I roll onto my back, groaning and swiping a hand through my eyes, only to find my view of the sky blocked by a looming figure. The Commander stands at the edge of the pit, watching me. With the sun behind him, I can’t discern whether he’s angry or amused.
He answers my internal question a moment later. “You’re slow and weak.”
The comment is so matter-of-fact, so perfectly aligned with my own self-assessment, that I can’t help it—I laugh.
The sound bubbles from somewhere beneath the pain and exhaustion, surprising me as much as it seems to surprise him.
It’s a genuine laugh, albeit slightly hysterical, the kind that hurts my dry throat and shakes my aching ribs.
When I finally contain myself, my arms drop limply to the mud. “Yeah, well, we can’t all be you, buddy.”
Collecting every last drop of will I have, I push myself to a sitting position before clambering to my feet.
Fuck, my uniform has transformed to a rusty brown instead of black.
I’ll need to wash it—and myself—thoroughly before training tomorrow.
The prospect of navigating the communal showers is a dreadful one.
“Do you find something funny?” Arayik asks, his voice tight with unsuppressed irritation.
“Actually, yes,” I reply on a staggered breath, not deigning to elaborate further. The vagueness is petty, yet it’s impossible to resist needling him. His entire body tenses, muscles coiling like springs under his uniform.

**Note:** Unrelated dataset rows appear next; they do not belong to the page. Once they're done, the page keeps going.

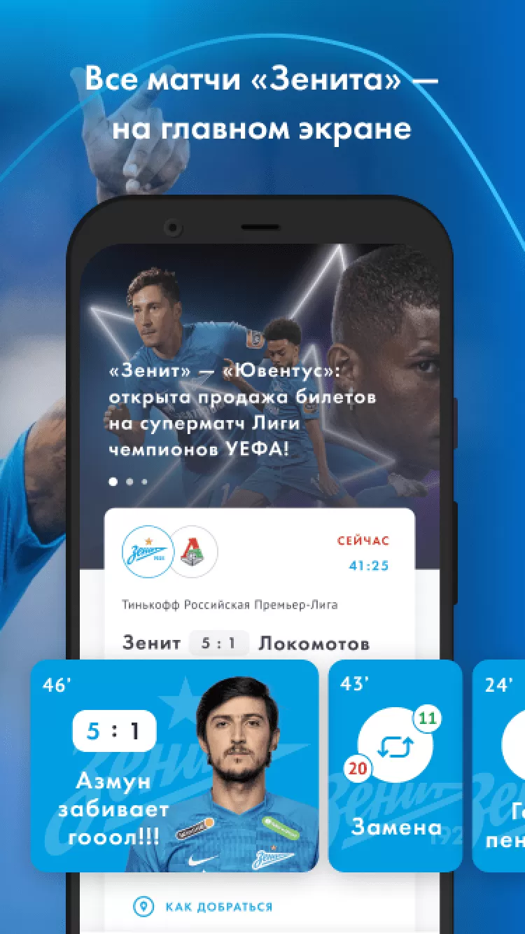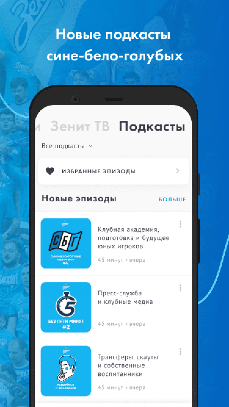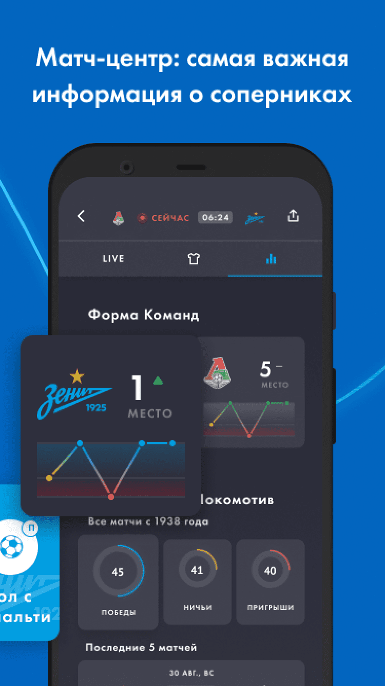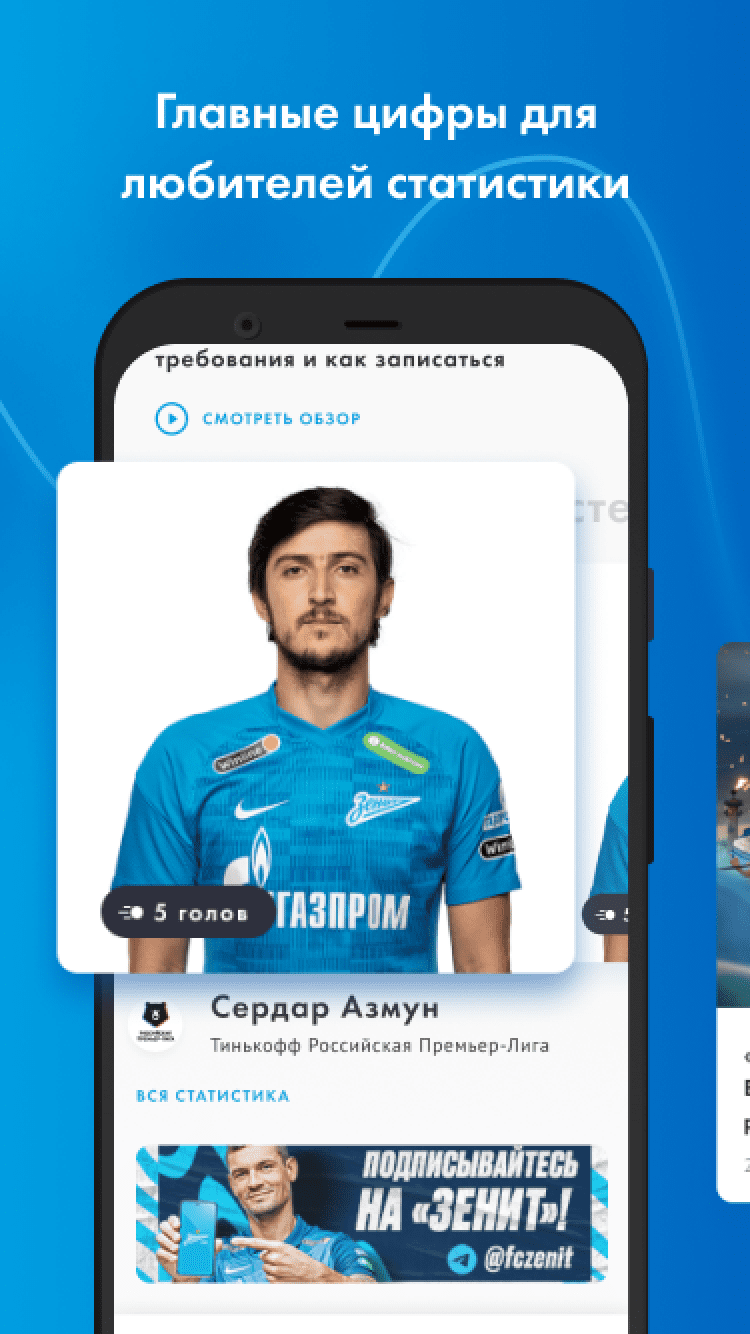 ФК "Зенит" В первой версии официального приложения - все новости основной команды, молодежного состава и зенитовской «Академии», видео-ролики с пресс-конференциями и нарезками опасных моментов, расписание и результаты матчей — как «Зенита», так и остальных команд РФПЛ, телепрограмма, текстовые онлайны матчей и прямые видеотрансляции матчей молодежного состава, профайлы игроков основы и молодежки, тренерского состава и руководства клуба, фотографии.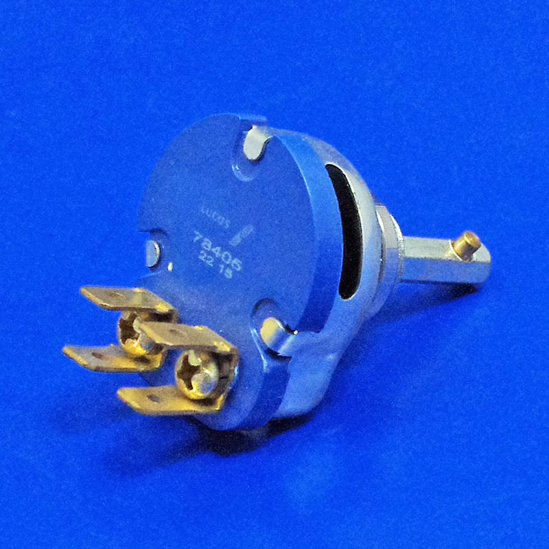 Dash rotary rheostat dimmer switch equivalent to Lucas part number 78405. 6.4mm x 21mm hexagonal shaft. 0-12.5 Ohms resistance, four 6.3mm blade connections. Excludes knob (Lucas part number 54340037). Applications include early Land Rover as well as MGA, MGB Triumph TR4 TR5 TR6 & TR7 and Aston Martin.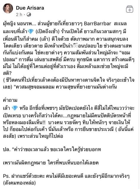 29 ก.ย.63 ทำเอาหลายคนงงไปตามๆ กัน เมื่อนักแสดงสาว “ดิว อริสรา ทองบริสุทธิ์” ออกมาโพสต์ข้อความแปลกๆ พูดถึงสังคมทองหล่อ-เอกมัยจอมปลอม การเที่ยวเลานจ์ การใช้สารเสพติด ไม่ปฏิบัติตามกฎหมาย คนรวยๆ ทิปหนัก ก็ยอมไปด้วย นี่มันเลานจ์ หรือยืนขายประเวณี

“I buried my sister because of someone who was as slow and weak as you, so I’m failing to understand what you think is amusing. Care to explain?” What does it say about me that hearing each clipped syllable makes me happier than I’ve been all day?
Then there’s the comment about his sister…quite untasteful for him to bring that up when I’m finally enjoying myself. The human part of me wants to offer sympathies, but I can offer them to her myself. In private. He doesn’t deserve anything of the sort.
“No, thanks,” I answer, allowing a hint of cheerfulness to color my tone. If he’s going to kick me out, I could care less about how I speak to him.
I’ve never considered myself particularly rebellious. With my parents, obedience was a given, as I was always grateful for the risks they shouldered to keep me safe. But something about this pain-in-the-ass man drags out a defiant streak I didn’t know I possessed.
Well, my parents never lowered themselves to the subjugation of women or the expected cruelty of upholding a system that values control over humanity.
Every organ in my body cringes when his eyes narrow. “Tell me, Ashford—what’s the scan sequence when traveling through a provincial checkpoint?”
My stomach flips. What an odd question. I was under the impression Elias and Kellen managed all our mental training, but I do understand why it would be important during physical efforts as well.
I assume this is something any traveling Enforcer—or messenger, I realize—should know. Lachlan would tease me for days for not immediately knowing the answer.
But I do know… “Badge swipe, obviously,” I answer.
Arayik’s features flatten as he stands silent for a moment, heat radiating from his body, before spinning on his heel and walking away. Relief mingles with a strange sense of victory—I’ve managed to irritate him without crossing the line into insubordination severe enough to warrant dismissal.
I’m playing a dangerous game; trying to prove my worth as a recruit while maintaining just enough resistance to preserve my sense of self.
Strange, though, that he’s thrown others from the team for less…
perhaps I’m not as useless as he would have me believe.
My power may be the only thing keeping me here right now.
Wheezing in a deep breath full of mud and sweat, I scoop the area around my eyes again, cleaning it the best I can and begin the long trudge back to the start of the course. There are still hours of training ahead before I can rest.
My body protests every movement, muscles trembling with fatigue and overexertion. But a flame burns steady in my chest—determination fueled by rage at the system I’m infiltrating and hope for what I might accomplish within it.
I will survive this. I will learn from it. Then I will use everything they teach me against them.